Investir davantage dans le capital humain, c’est-à-dire dans les populations, est un facteur critique du développement. Dire cela ressemble à un vieux cliché, mais cela cache parfois un désastre. Pourquoi ? Parce que, bien que ce soit une évidence, ce n’est guère une priorité pour de nombreux pouvoirs publics et les institutions nationales engagées dans ce processus.
Si vous êtes malade sans en connaître la cause, c’est fâcheux. Mais si vous connaissez la cause et que vous ne faites rien, c’est un désastre. C’est pourtant ce qui se produit en matière d’éducation dans les pays en développement : nous savons que nous sommes malades, mais nous ne faisons pas grand-chose pour soigner le mal.

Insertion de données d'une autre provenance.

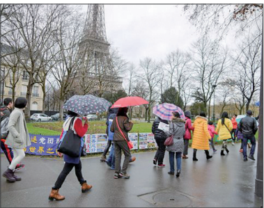
巴黎艾菲尔铁塔下的真相点帮助大陆游客三退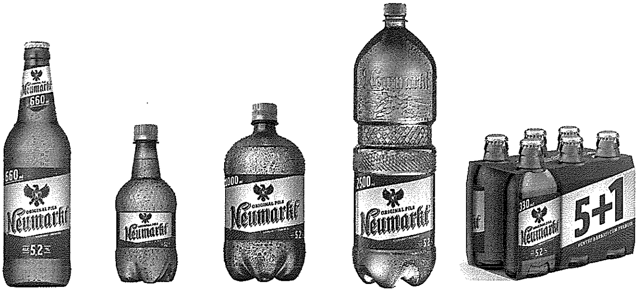
Sticla 0.66 L Pet 0.5 L Pet 1 L Pet 2.5 L 6x Sticla 0.33 L

C’est vrai, de plus en plus d’enfants sont scolarisés et c’est une bonne nouvelle. La mauvaise nouvelle, c’est que trop souvent ils n’apprennent rien ou trop peu. Les données les plus récentes sur la question montrent que la moitié des élèves du primaire des pays en développement ne sait pas lire ou écrire une phrase simple ni faire une soustraction à deux chiffres. C’est la raison pour laquelle, à la Banque mondiale, nous affirmons que nous sommes faces à une crise mondiale de l’apprentissage.
C’est une mauvaise nouvelle, mais tout le monde n’est pas logé à la même enseigne. Pour un ministre de l’Éducation d’un pays d’Europe occidentale, il est inquiétant de savoir que 20 % des élèves du primaire n’atteignent pas le seuil minimal de compétences en mathématiques. Pour son homologue d’un pays d’Amérique latine où cette proportion s’élève à 60 %, c’est un problème très grave. Mais le ministre de l’Éducation d’un pays d’Afrique subsaharienne fait face à des difficultés bien plus insurmontables, car près de 90 % des enfants scolarisés n’apprennent rien.
D’accord, mais au moins nous connaissons les causes de la maladie, non ? En fait, pas toujours et pas totalement. Seuls deux tiers des pays disposent de données fiables sur les apprentissages en mathématiques et les capacités de lecture. Pour le troisième tiers, il n’existe pratiquement aucune donnée. L’Inde par exemple ne participe pas aux évaluations internationales et ne dispose que de données nationales éparses. En outre, l’apprentissage ne concerne pas seulement la lecture, l’écriture et le calcul. Les sciences, l’histoire, la géographie sont aussi importantes, de même que le développement de compétences indispensables dans la vie quotidienne, telles que la pensée critique, la créativité, la persévérance et la confiance en soi. Dans ces domaines, nous ne connaissons pas les résultats de l’apprentissage.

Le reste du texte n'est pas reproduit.